Tweeéntwintigste zondag door het jaar

Een raar feestje

Helga en Willeke hebben er de smoor in: ze moeten thuisblijven, omdat hun moeder een feestje geeft voor haar vriendinnen. Net als de moeder van Helga en Willeke zijn die vriendinnen allemaal héél nette dames; zó netjes dat het zelfs Helga en Willeke een beetje al te dol is. De twee meisjes hebben aan hun vriendjes verteld, dat zij die middag moeten opzitten en pootjes geven, maar dat ze, zo gauw ze de kans krijgen, de benen zullen nemen. Die kans doet zich voor als de meisjes de gebruikte theekopjes naar de keuken moeten brengen; vlug glippen ze weg door de keukendeur en rennen naar de hut.

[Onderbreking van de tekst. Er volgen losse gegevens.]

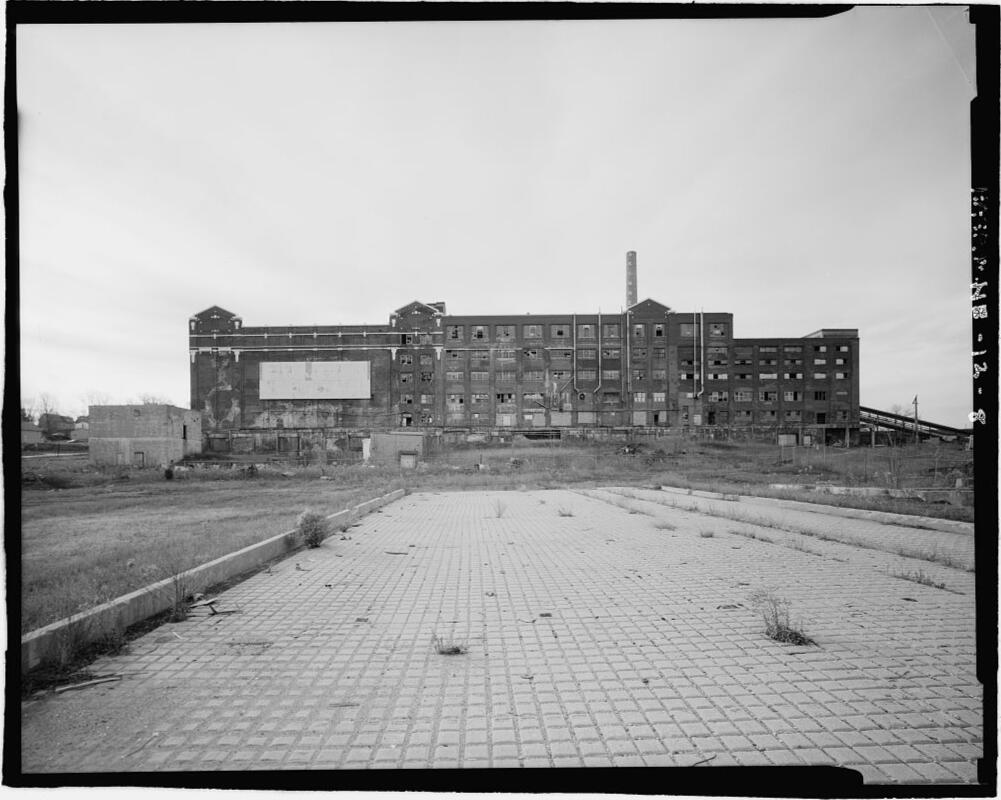 Skinner Meat Packing Plant, 6006 South Twenty-seventh Street, Omaha, Douglas County, NE1, View of main building looking south (concrete in foreground is part of holding pens), Library of Congress Prints and Photographs Division Washington, D.C. 20540 USA
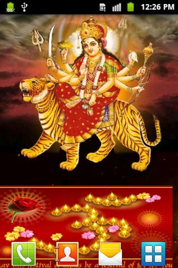 Note: This Durga Aarati & cahlisa is live wallpaper.To activate this, long press on a home , select Wallpapers -> Live Wallpapers -> Durga Aarati &cahlisa.
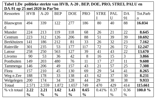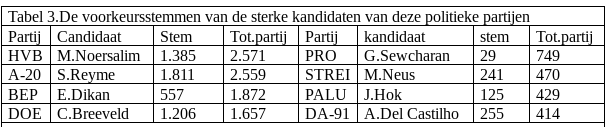De voorkeursstemmen die de sterke kandidaten van deze politieke partijen in Paramaribo behaald hebben op 25 mei 2020:
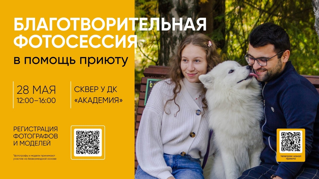 28 мая, в воскресенье, с 12 до 16 часов в сквере у Дома культуры «Академия» пройдет первая весенняя фотосессия в этом году в помощь приюту для бездомных животных в Академгородке.
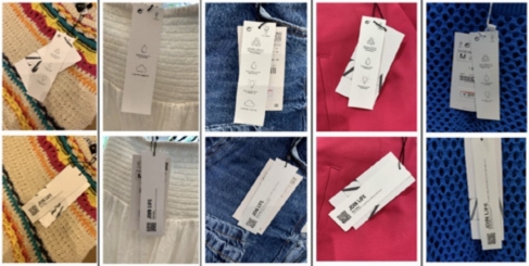 Mostramos a continuación las imágenes de las prendas seleccionadas de forma aleatoria (una por tienda) y sus etiquetas (anverso y reverso): Tablas 19 y 20. Se ha procurado que fueran prendas distintas.
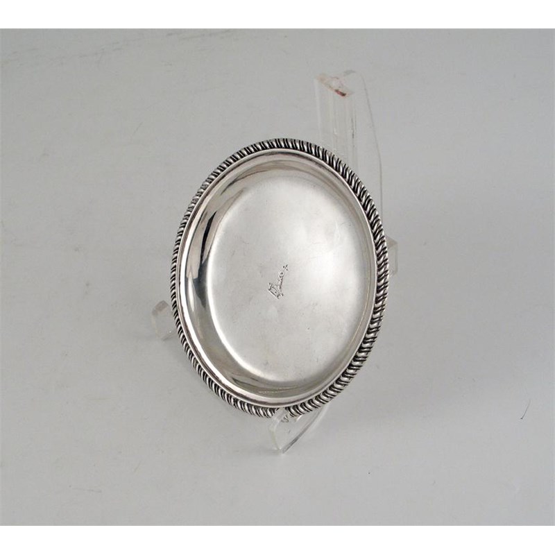 A George III Irish, circular wine funnel stand, with a central crest and gadrooned border, by William Nowlan, Dublin 1830, 4.25in (10.8cm) diameter, 2.25oz.

In de hut is het heel gezellig: er ligt een groot ganzenbordspel op de grond en alle vriendjes van Helga en Willeke zijn verwoed aan het spelen. "Hoi," zegt Bas, "hielden jullie het niet meer uit?" "Nee," zegt Helga, "het was echt vreselijk, ik moest keurig op mijn stoel blijven zitten, met mijn benen naast elkaar en ik mocht alleen antwoord geven als mij iets gevraagd werd." "Die dames vroegen alleen maar naar onze punten op school," vult Willeke aan, "en dan vertelden zij steeds dat hun zoontjes en dochters véél betere punten haalden." "En die dames praatten zo gek," vertelt Helga en ze probeert iemand na te doen die heel deftig praat. "Dat is echt erg," zegt Boris, "maar missen ze jullie nu niet? "Eigenlijk hadden we de theekopjes moeten afwassen en toastjes moeten maken," vertelt Helga, "dus mijn moeder zal het straks wel in de gaten hebben, dat we weg zijn." "Wij gaan met jullie mee," stelt Bas voor; "dan doen wij samen de afwas en maken toastjes."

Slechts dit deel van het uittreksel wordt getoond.